All these factors explain why pollinator certifications have begun to appear in a growing number of grocery stores and corporate sustainability reports. The Bee Better seal is showing up on products sold by certified farms as well as on those from companies sourcing ingredients from those farms, says Robertson. Silk, Häagen-Dazs, and Cal Giant Farms are just a few of the brands that have sported the seal so far. Meanwhile, Pollinator Partnership’s Bee Friendly logo has appeared on a signature wine from Francis Ford Coppola Winery, and may soon make its way to more packaging.
Yet while the Bee Better and Bee Friendly certifications offer up similar wordplay, and similar stated goals—both want to see more diverse and flowering forage plants on farm landscapes and less pesticide exposure for pollinators—they are markedly different in multiple ways. One is reaching a smaller number of farms with a stringent, third-party certification, while the other is aiming for much larger adoption, especially among conventional farmers, and is asking less of participating farms by design.
Taken together, however, the two certifications provide a glimpse of some of the benefits —and the limitations—of using pollinator health to gauge the overall sustainability of a farm.
The Bee Friendly Certification began as a local initiative in northern California’s Sonoma County that helped beekeepers find farms where it was safe to store their bees. Pollinator Partnership acquired it in 2013, but Miles Dakin, the current Bee Friendly Farming coordinator, says it wasn’t a big part of the organization’s work until around 2019, the year the Almond Board of California—the group that represent 7,600 almond farms on an estimated 1.6 million acres—reached out to the organization and initiated a partnership.
The Central Valley’s almond orchards rely heavily on millions of honeybees that are trucked in from the Midwest every spring—and many beekeepers have seen record-setting bee losses in recent years.

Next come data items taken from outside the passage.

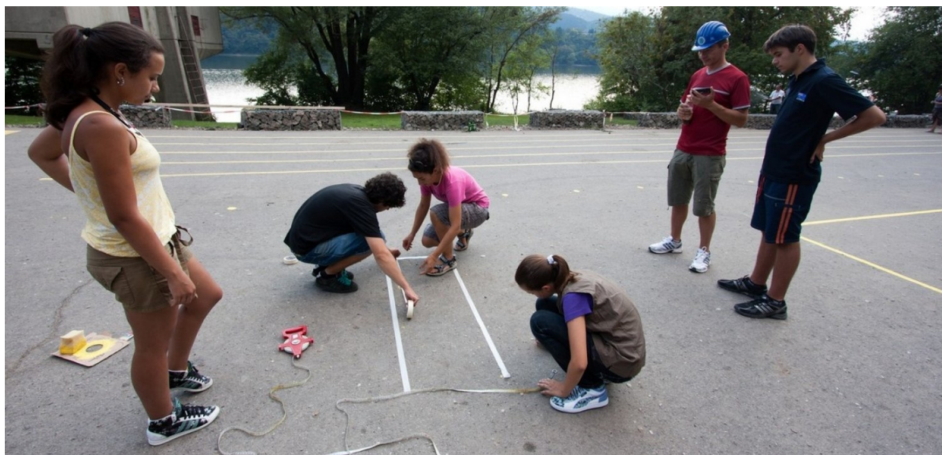
TabloID workshop
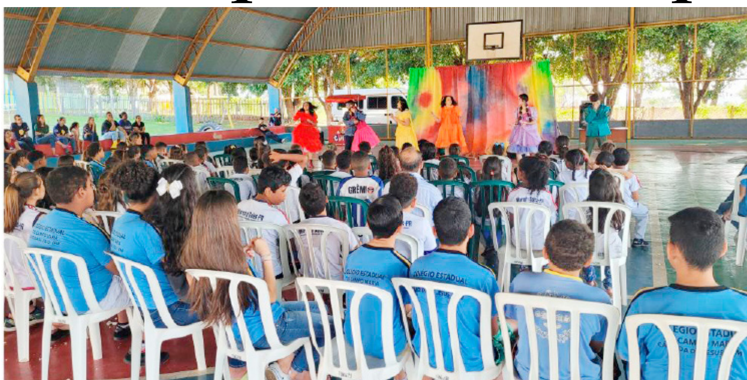
O evento realizado teve o apoio da CMDCA, Conselho Tutelar e Assistência Social

O evento foi preparado pelo CMDCA, Conselho Tutelar e Assistência Social, onde foi realizado na quadra da Escola Municipal Luciane, onde estive-
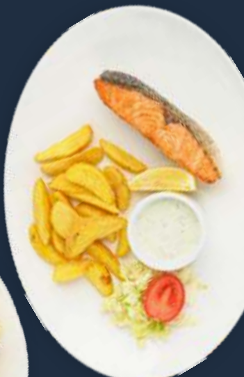
Семга на гриле с запеченным картофелем
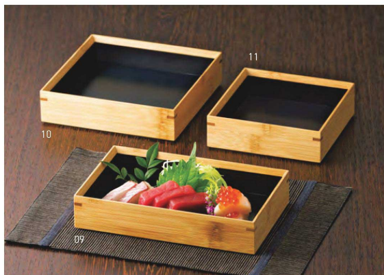
竹・料理箱(内黒) 積重

20-175-08(38515) 4,150円 約22.7×13×H3cm / 内寸約21.5×11.7×H1.5cm
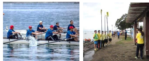
琵琶湖(瀬田川)を舞台にボートで交流
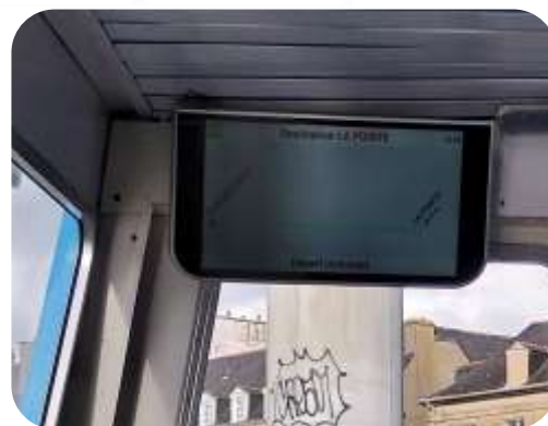
Information voyageur dans les navires et sur les quais
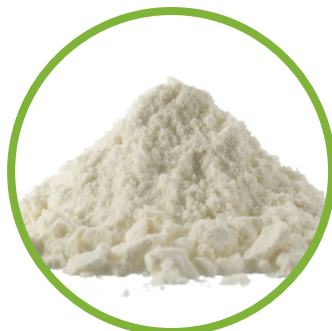
Latte scremato in polvere
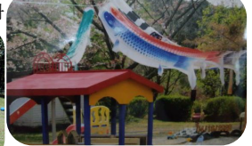
鯉のぼりとあづまや

ンティアメンバーが環境美化に取り組むという仕組みになっていて、情報交換の場としても活用し清掃後の親睦タイムも楽しいということでした。公園に案内していただきましたが、今年から世代間交流のイベントとして、5月に鯉のぼり作り、7月には七夕飾り、12月の餅つき大会と和気あいあいと交流の場を楽しんでいるようです。取材当日は七夕の笹が立てられ短冊が風でなびいていました。自治会は、「あったかい番町」で、親睦会は、広い公園の活用で「軽度のスポーツ」や「ビンゴゲーム」「家族抽選会」と役員が企画したイベントで懇親会を行っているということでした。お話の中で、北2番町にはつつじが丘住宅を支える地域リーダーが多く住んでおられるということも分かりました。(広報部)

As a result, the almond industry has moved to improve its image in the eyes of consumers.
“They really wanted to educate their growers and bring the industry in on bee-friendly practices,” says Dakin, who had studied integrated pest management (IPM) in the almond industry before taking the job.
Dakin was hired in 2020 and has been working with farms in California and across the country since, helping farmers add bee-friendly forage and habitat to their land and certifying around 250,000 acres of farmland and in the last two years. “We’re definitely expanding,” he told Civil Eats. “We have avocados, coffee, a whole bunch of different systems now certified.”
The Bee Friendly Certified program requires growers to pay $45, prove that they have forage “providing good nutrition for bees” (or are planning to plant it) on 3 percent of their land, as well as nesting habitat and water. They also must use Integrated Pest Management (IPM), a wide range of practices that can involve replacing pesticides with pheromones or simply identifying the location of pests before spraying to ensure that the application is targeted.
“We were already above and beyond the certification standards, so it wasn’t hard at all for us.”
Once they are on board, Dakin says, “every three years, the growers have to provide us with compliance documents, and we review those.” He also conducts field visits on 6 percent of the farms every year.